A transformer in a PV system like this is an interesting case because the roles of primary and secondary reverse from startup to production operation. When the installation is initially energized, the 208V side will be the primary with little or no secondary load because the inverters will be dormant. But once the inverters begin producing, the 480V side will become the primary, feeding the inverter output to the building through the 208 secondary.

I've learned there are a several factors to consider, as described in these links:

Reverse Feeding Dry-Type Transformers

Can a transformer be back-fed or used in reverse?

Joined: Apr 2002
Posts: 7,389
Likes: 7
I see where this is going, and availability (off the shelf) and 'special order (8-12 weeks) plus high price seems to be the major reasoning for this application question.

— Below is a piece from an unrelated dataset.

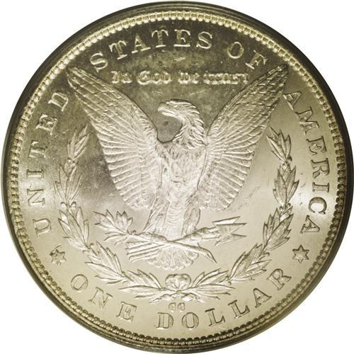 <B>1892-CC<img border='0' src='http://www.heritagecoins.com/images/star.gif' width=10 height=10>$1> MS63 Prooflike PCGS.</B></I> Superbly contrasting, deeply mirrored fields shine against the silvery devices. A popular CC-mint issue, and quite scarce with the Prooflike designation. The Select grade is due to a slight milkiness noted in the obverse fields, but the few abrasions noted are consistent with the grade.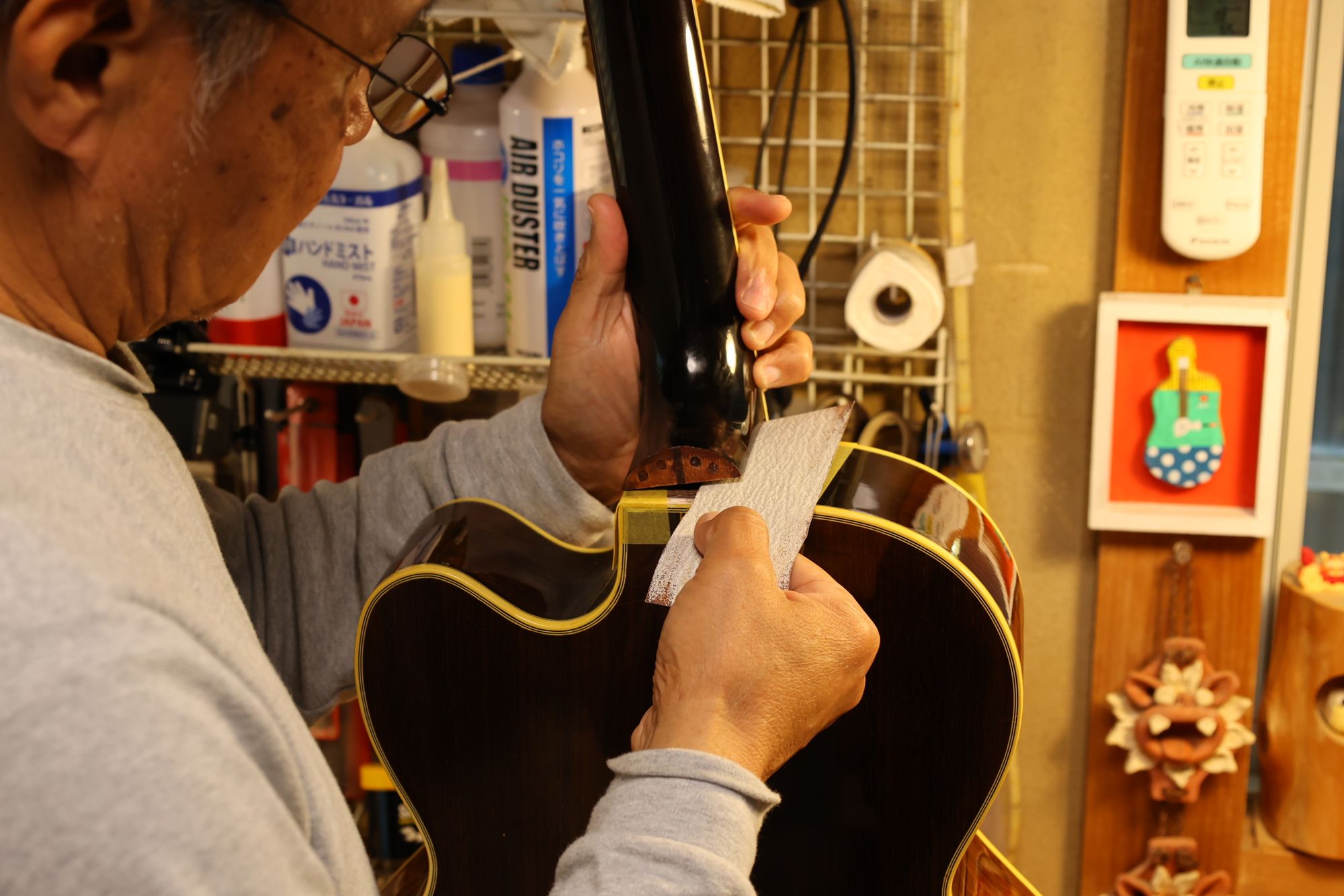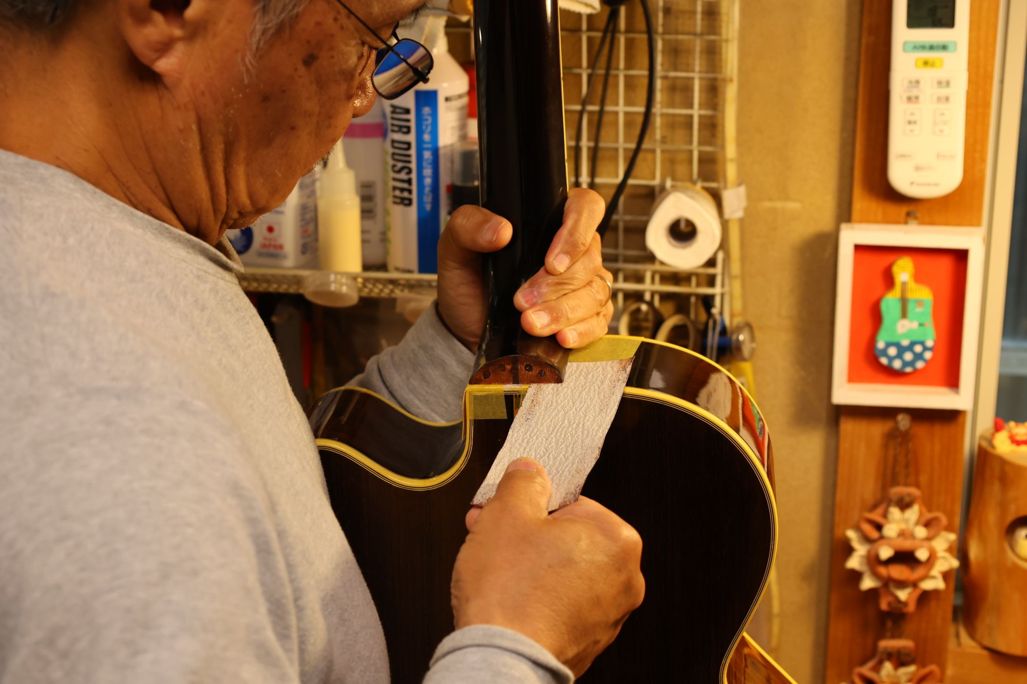 - 37.ネックとボディの間にサンドペーパーを挟みます。

I use this solution when a project like what you describe comes in for plan review and release. A email, and/or phone call to the EC or responsible party requiring a signed and sealed letter with info from a NJ Lic. PE/EE that the proposed installation is approved by that PE/EE.

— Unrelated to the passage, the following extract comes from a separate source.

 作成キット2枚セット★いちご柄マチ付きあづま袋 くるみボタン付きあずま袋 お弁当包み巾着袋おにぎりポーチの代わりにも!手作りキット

I am not aware of any situations that are related to the dry type transformer 'backfeed' installations. Also, FWIW, to the best of my knowledge, our utility company uses the standard pad mount transformers for direct grid tie solar installs that are utility owned,

Joined: Jul 2002
Posts: 8,443
Likes: 3
Hi Albert,
All this stuff is reasonably new to me with inverters and what-not,
however, I do know power distrbution systems well.

From a personal point of view, I would never reverse-feed any transformer, sure, distribution transformers
you "may" get away with, but you need to realise that the transformer will need to be de-rated,
by a certain factor, I can't off-hand tell you what that is, as they are all application-specific.
It could something as low as 65% or as high as 85%, this de-rating factor needs to be taken into account.

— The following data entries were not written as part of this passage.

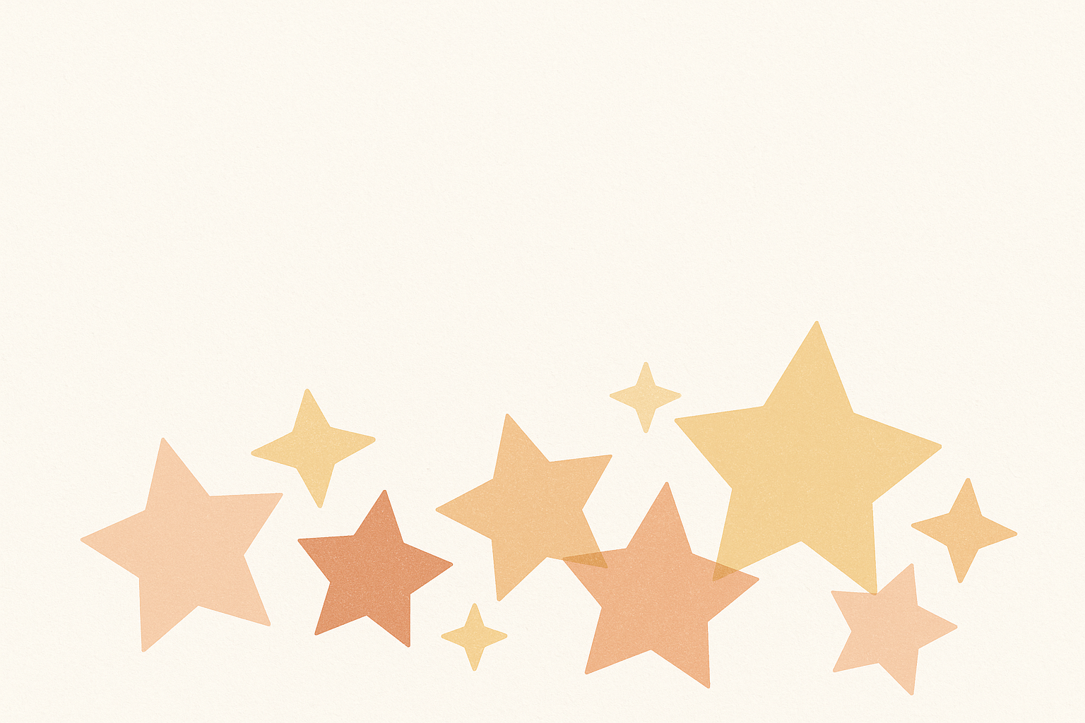 Motif de plusieurs étoiles aux formes variées en dégradés de jaune, orange, pêche et beige sur fond crème texturé. Style minimaliste, doux et chaleureux, avec une disposition équilibrée des éléments en bas de l'image laissant un grand espace vide en haut pour le texte ou le message. Convient pour ambiance professionnelle, festive ou inspirante.
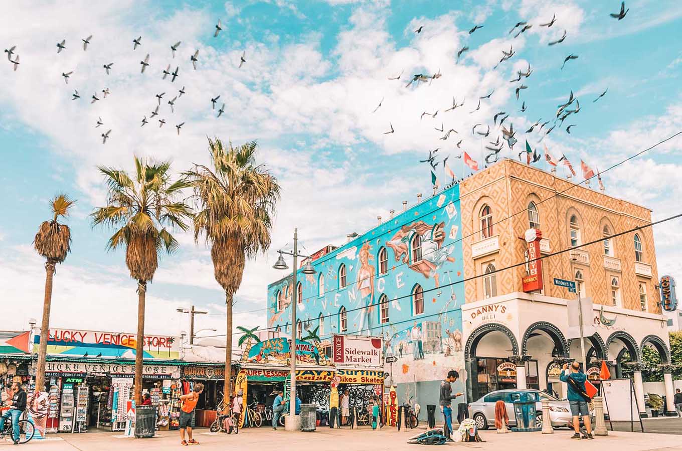 The Venice Boardwalk extends along the coast to Santa Monica – make sure you carve out time for an afternoon on the pier! Packed with eateries, spas, boutique shops, fitness centers, and cocktail joints, the boardwalk is the ultimate destination in Venice, come rain or shine.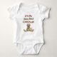 Candy cane a rayas de un niño texto que dice "¡Es mi primera Navidad!" y un oso de peluche vestido con corbatas de reno aparecen en las primeras camisetas de Navidad, trajes de ropa y bolsas de té del bebé.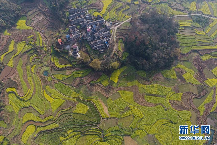 3月20日在貴州錦屏縣新化鄉(xiāng)拍攝的春景(無人機拍攝)。春分將至,貴州各地成片的油菜花漸次綻放,如同金色的地毯鋪上云貴高原。 新華社記者 歐東衢 攝

If it were me doing this job, I would wait and get the correct unit for the job.
I don't want to come across as some sort of an (expletive), but all of this should have been worked out
in the original planning stages to procure the right equipment, before the job even started.
I see this time and time again over here, involve so-called "engineers" that couldn't plan their way out of
a wet paper bag.

Joined: Sep 2003
Posts: 650
Hi Trumpy,

Please note that this thread is almost 2 years old....

In any case, there are two different and important aspects of 'reverse feeding' a transformer. One is which way power is flowing, the other is which side of the transformer is 'primary'.

In this application, the 'primary' of the transformer is the 208V delta side, connected to the utility service. The 208V side gets energized first, the 208V side sees the magnetizing inrush, and the 208V side will have the necessary 'taps' to adjust for variations in supply voltage versus the nominal 208V value, and the 208V side will be setting the magnetic flux level that the transformer is operating at (thus the need for taps on the 208V side).

The 208V side remains the primary even when the PV system is producing and power is flowing from the 480V side to the 208V side.

The PV inverters are not setting the voltage; they are responding to the voltage from the transformer.

So IMHO the normal 208V delta to 480/277V wye transformer is not being 'reverse fed' in this application. This transformer is a step up transformer with its utility supply connected on the 208V side. The fact that power is flowing from the 480V to the 208V side is no different than having a load with a power factor on the 480V side, where power flows from the 480V to 208V side for part of the AC cycle.

Now: if the PV system were operating in 'island mode' producing 480V 60Hz even with the transformer disconnected, and you were planning to connect the transformer after the 480V side was 'hot' then this would be reverse feeding.

There might be other reasons for using some sort of special PV rated transformer, eg. harmonic control, voltage regulation with reverse power flow, warm fuzzy feelings, 'effective grounding', etc. But with respect to the original question, a step up transformer is still being used as a step up transformer.